In the last 5 years, frequent outbreaks of infectious bronchitis virus (IBV) are observed in both broiler and layer chicken flocks in the Kingdom of Saudi Arabia (KSA) in spite of extensive usage of vaccines. The IBV is a widespread avian coronavirus affecting both vaccinated and unvaccinated chicken flocks and is attributed to significant economic losses, around the globe. In the present study, 58 (n = 58) samples were collected from four different commercial poultry flocks from 8 KSA districts during 2019. A total of nine positive isolates (9/58; 15.5%), based on real-time reverse transcriptase PCR targeting nucleocapsid (N) gene, were used for further genetic characterization and evolutionary analysis. Genetic characterization of the partial spike (S1) gene revealed the clustering of the reported isolates into three different genotypes, whereas four additional isolates were grouped within 4/91 genotype, two isolates within IS/885 genotype, one isolate was closely related to IS/1494/06, and two isolates were grouped within classic serotype (vaccine-like strains). Phylodynamic revealed clustering of four isolated viruses within GI-13 lineage, three isolates within GI-23 lineage, and two isolates within GI-1 lineage. Results indicate that there are high evolutionary distances between the newly identified IBV strains in this study and the commercially used vaccines (GI-1), suggesting that IBV strains circulating in the KSA are under constant evolutionary pressures. Selective pressure biostatistics analyses consistently demonstrate the presence of a higher positive score which highlights the role of natural selection, a mechanism of virus evolution on sites located on the protein surface, within or nearby domains involved in viral attachment or related functions.
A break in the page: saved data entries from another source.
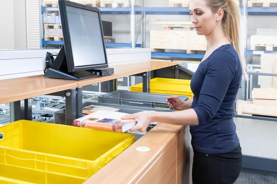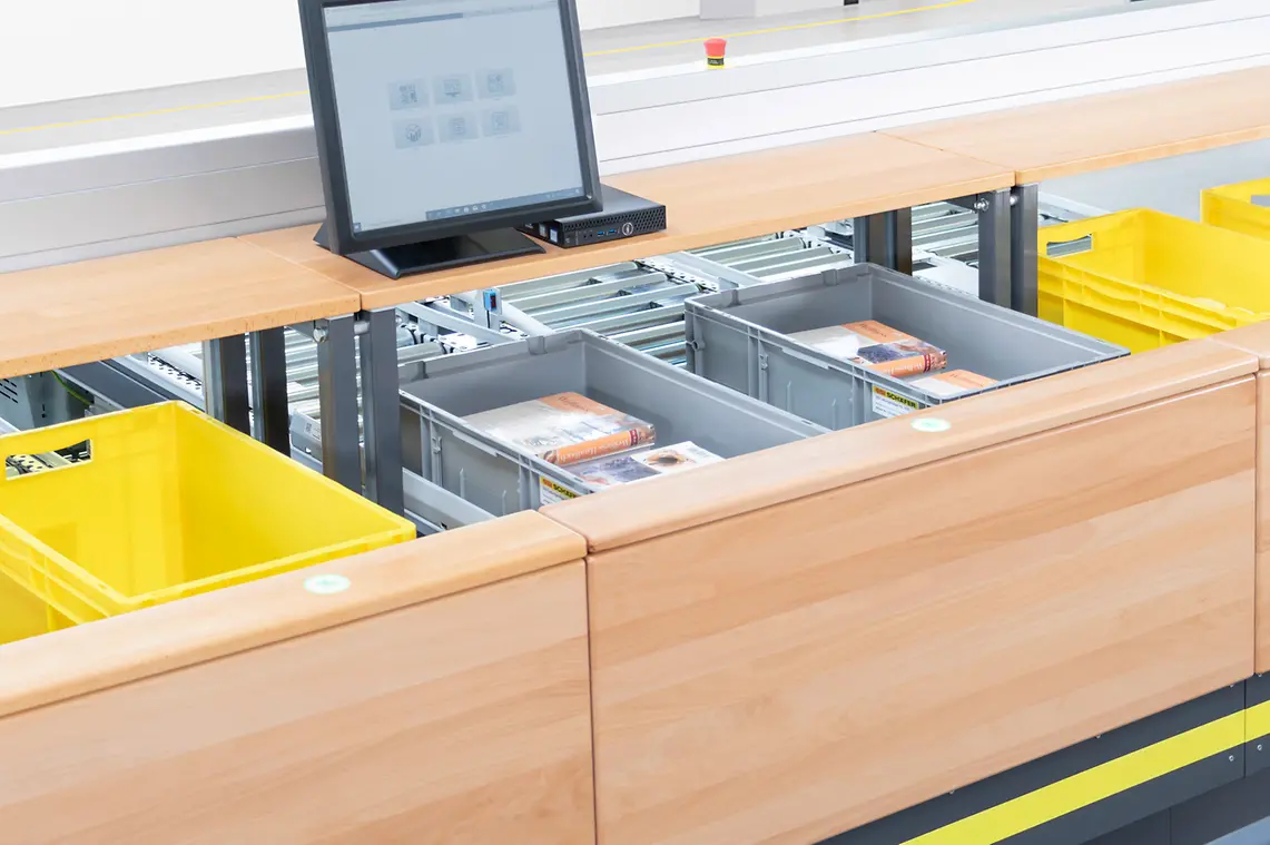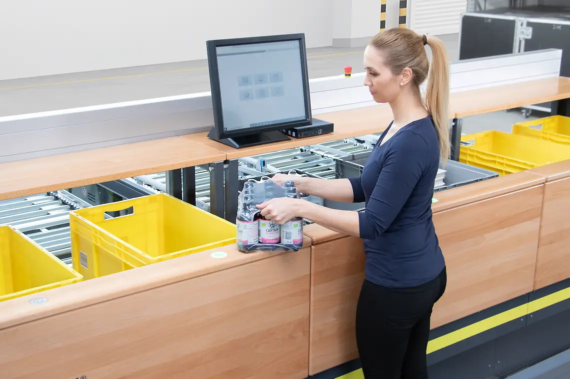 Parallel picking in four order totes (2 - 6 possible) with a picking performance of 800 picks per hour
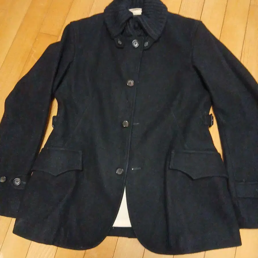 울 소재의 네이비 코트 - 브랜드: Blue-Walk - 색상: 네이비 - 디자인: 버튼이 달린 코트 - 소재: 울 - 안쪽 색상: 크림색 - 라벨: Blue-Walk 잘 부탁드립니다.
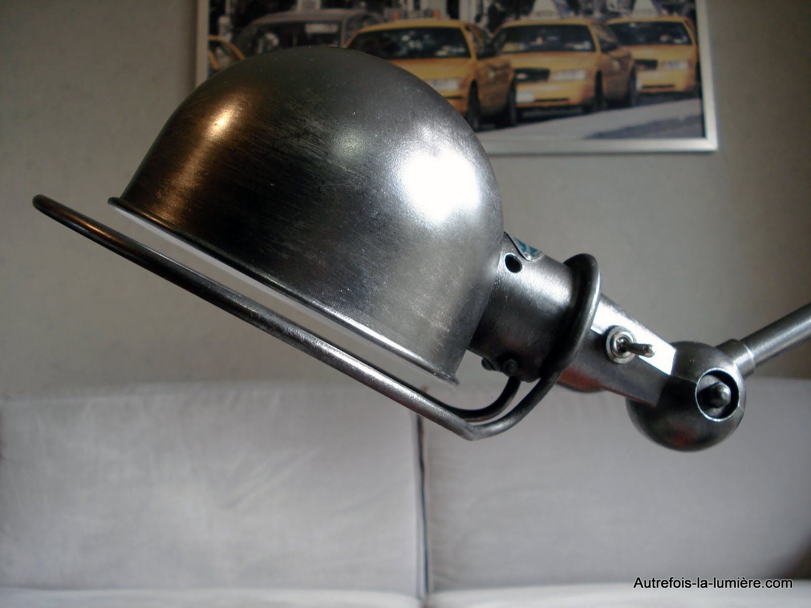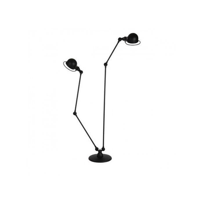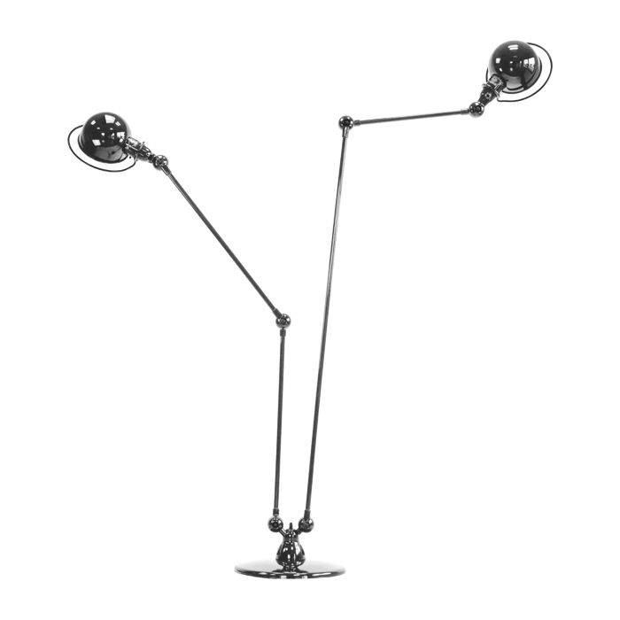 Ce lampadaire Jieldé au design original est composée de deux lampes sur un même socle rond de 33cm. Elle peut être considérée comme un lampadaire avec liseuse. Ce lampadaire Loft possède deux pieds et donc deux sources lumineuses indépendantes (2 interrupteurs séparés). Chaque pied est constitué de 2 bras articulés (hauteur max du pied 1 : H 120 cm / hauteur max. du pied 2 : H 160 cm). Les abat-jour orientables (Ø 15 cm) et les bras articulés permettent de diriger la lumière avec précision. Un ingénieux système de contrepoids confère à la lampe une grande stabilité. Le design intemporel de cette lampe fera sensation dans toutes les pièces de la maison, comme au bureau.
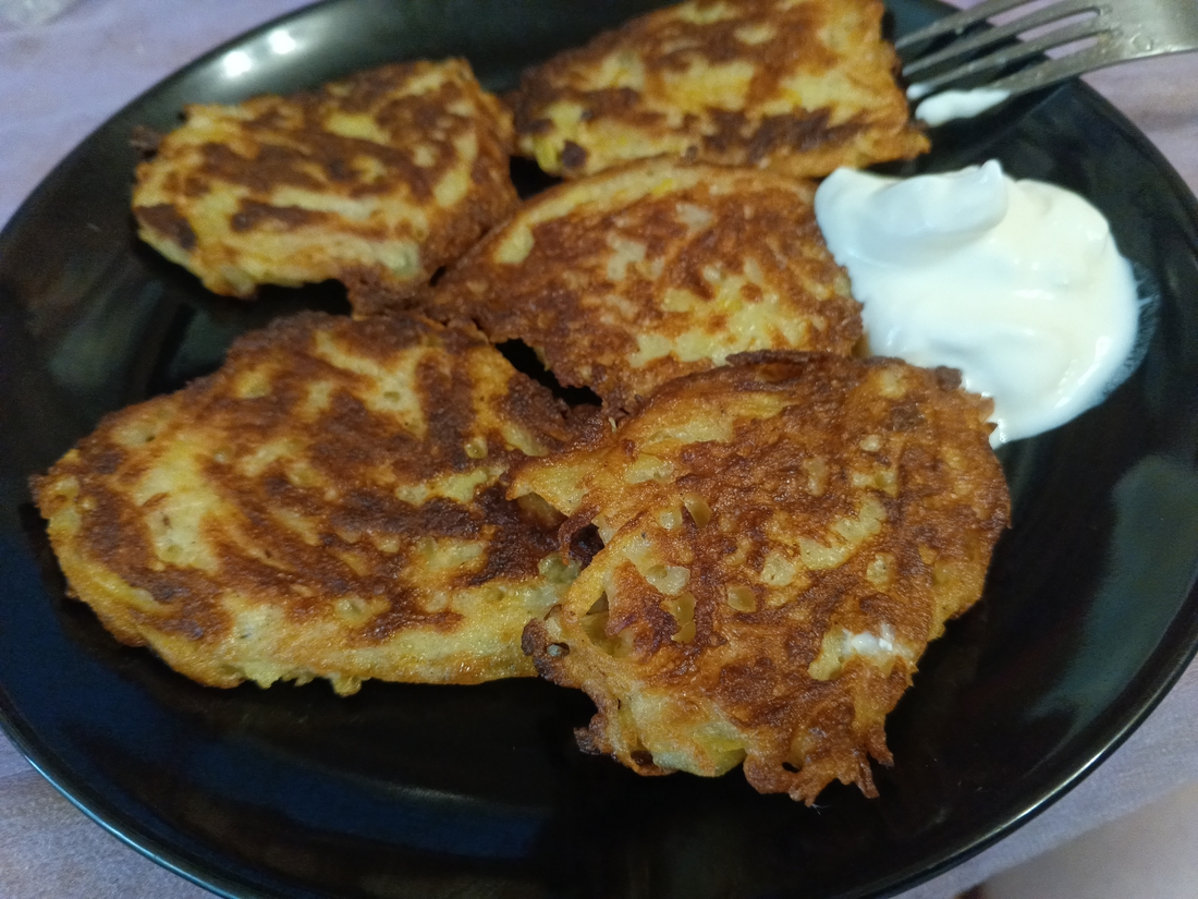 Муж покормил нас ужином, сделал изумительные драники, которые разумеется надо есть со сметаной.
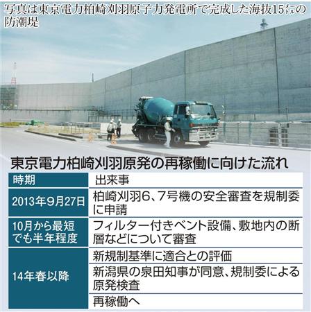 東京電力が、経営再建の大前提となる柏崎刈羽原子力発電所6、7号機(新潟県)の再稼働に向けた安全審査の申請にこぎ着けた。東電は来春以降の再稼働を目指し安全対策を急ぐが、福島第1原発の放射能汚染水漏れ問題が深刻化。原発の管理能力に対し、厳しい目が向けられている。汚染水問題、原子力規制委員会による審査、新潟県の同意という3つの壁が立ちはだかる中、正念場を迎えている。
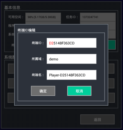 終端基本信息中的[設置]按鈕彈出界面如下圖所示,可進行終端ID、所屬域、終端名稱的編輯。終端所屬域定義了終端在服務器的在哪個域中可見,如果為空則默認為demo域。請注意:如果服務器強制將終端錄入到了某個域,則終端一旦聯(lián)網就會自動轉換到相應的域

Recombination analysis revealed emergence of two isolates through recombination events resulting in new recombinant viruses. Taken together, these finding demonstrate the genetic and evolutionary insights into the currently circulating IBV genotypes in KSA, which could help to better understand the origin, spread, and evolution of infectious bronchitis viruses, and to ascertain the importance of disease monitoring as well as re-evaluation for the currently used vaccines and vaccination programs.